- Directions for this task -
Copy exactly, from the beginning of the material below, every line up to and including the one holding "- Elegantes Polsterbett", with the pictures left out.

- Data shown -

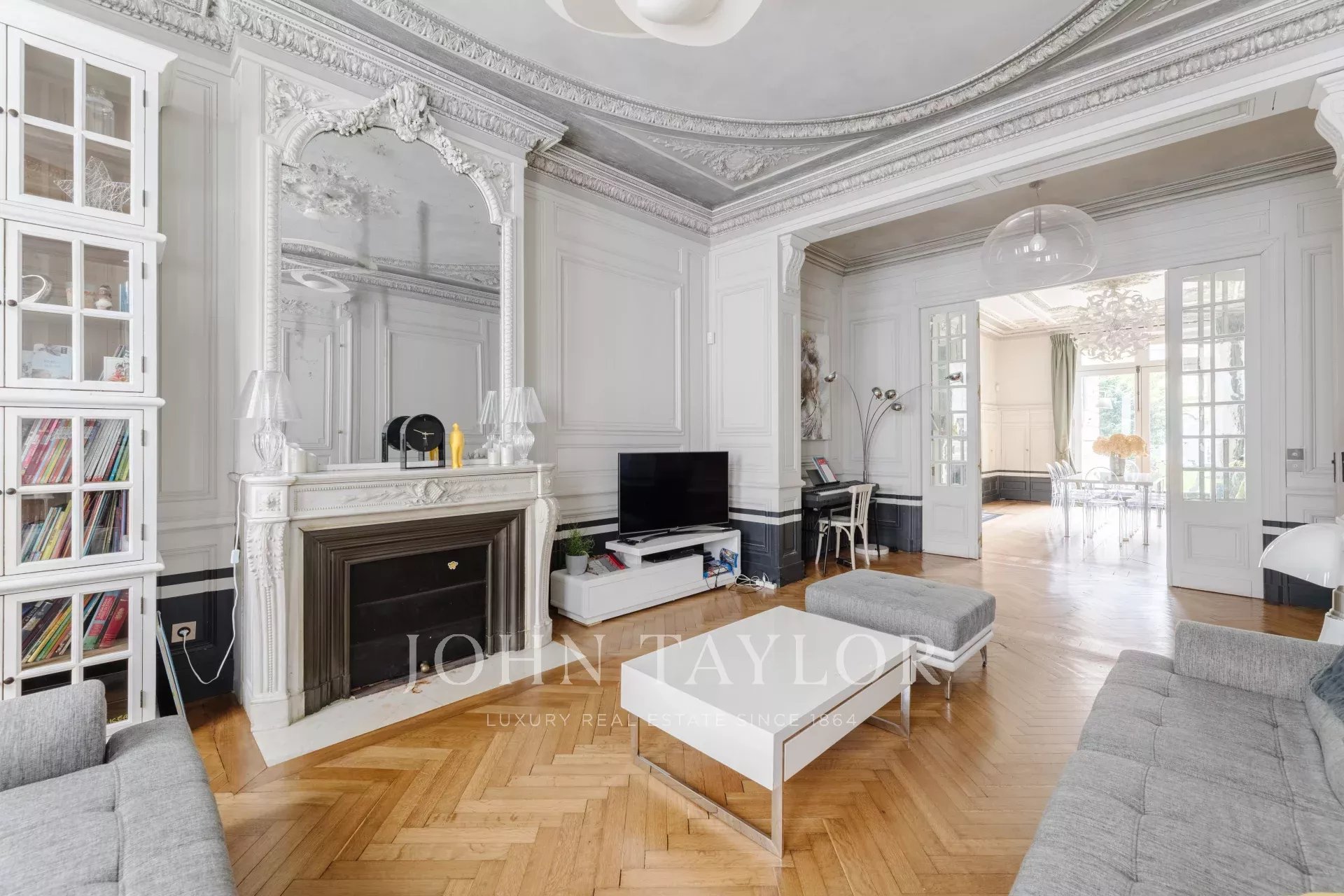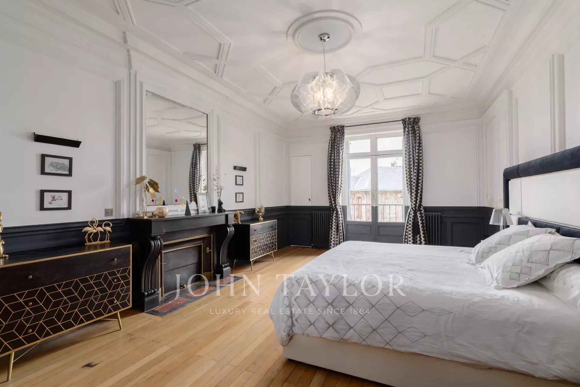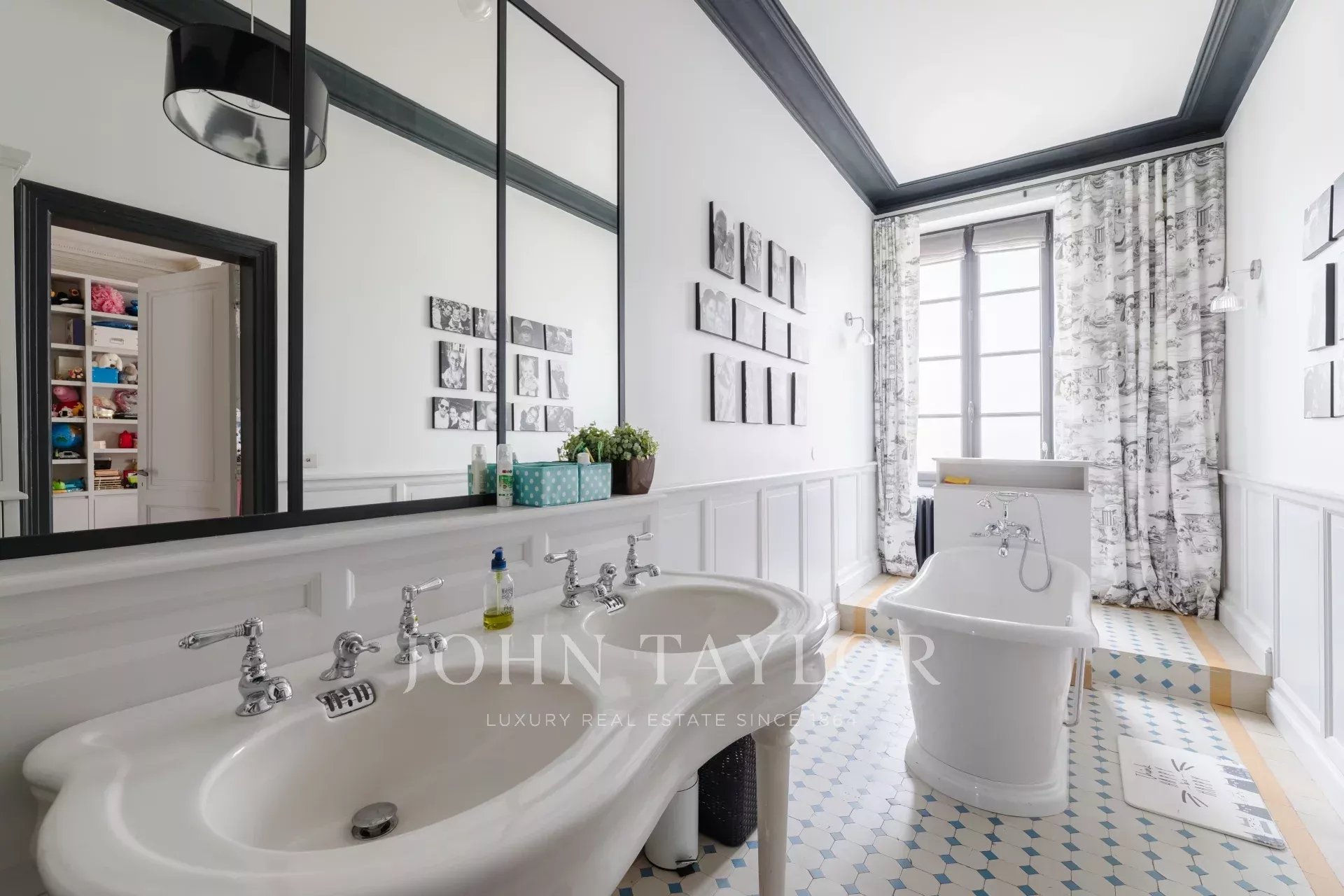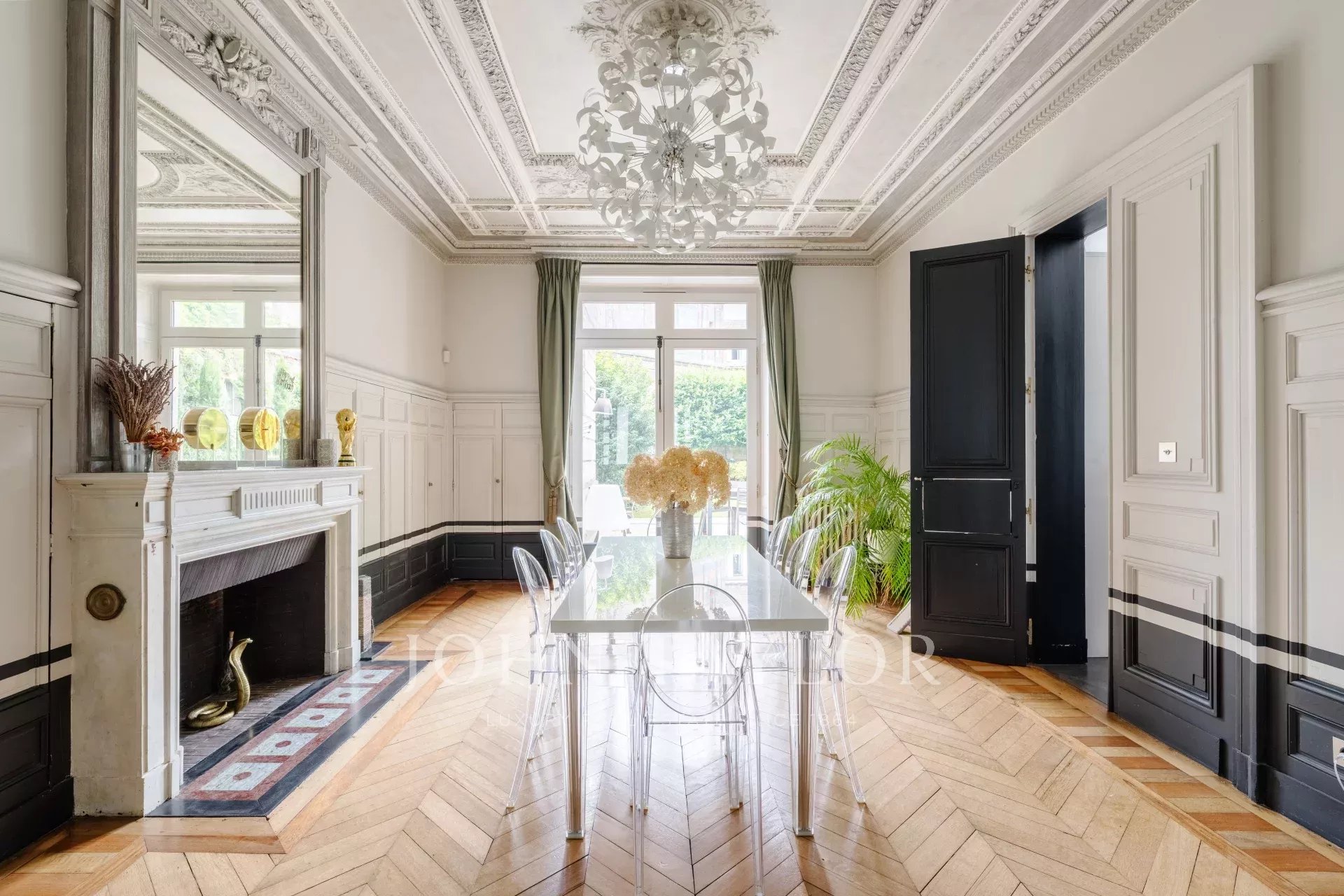 On the ground floor, you'll find a majestic entrance hall leading to a living room with remarkable moldings, parquet flooring and fireplaces, an open-plan dining room and a spacious, fully-equipped kitchen with meticulous finishing touches.
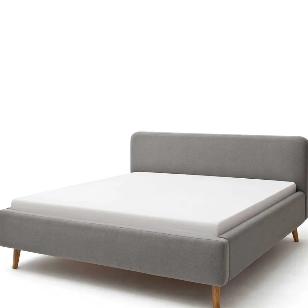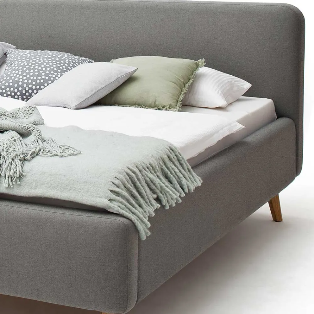 - Elegantes Polsterbett in Hellgrau und Eichefarben
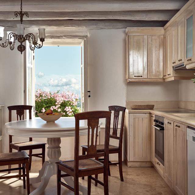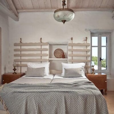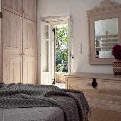 Het interieur van de villa is een mix van hedendaags comfort, vintage vondsten en natuurlijke elementen, waaronder de indrukwekkende rotspartijen. Verder is er een zwembad met genoeg ligbedden voor iedereen, heerlijk voor ontspannen dagen onder de Griekse zon. Ook is er een speciale eethoek ingericht mét buitenkeuken. Wat staat er bij jou op het menu? Gegrilde pulpo, zeebaars of lamskoteletjes? Natuurlijk kun je buiten de villa net zo lekker eten. In Agios Nikolaos op 3 km afstand, barst het van de leuke tavernes!
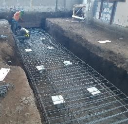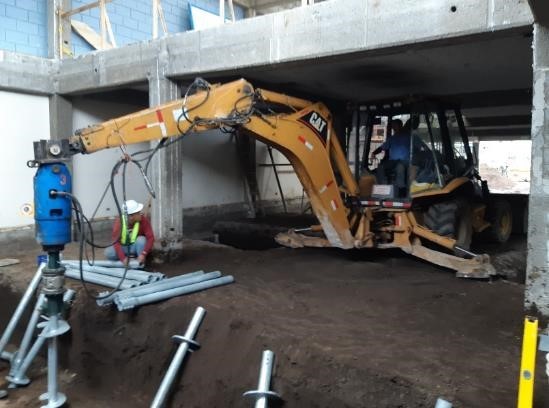 Instalación complicada en fundaciones existentes y bajo el entrepiso del edificio |

- Solution below -
 On the ground floor, you'll find a majestic entrance hall leading to a living room with remarkable moldings, parquet flooring and fireplaces, an open-plan dining room and a spacious, fully-equipped kitchen with meticulous finishing touches.
 - Elegantes Polsterbett in Hellgrau und Eichefarben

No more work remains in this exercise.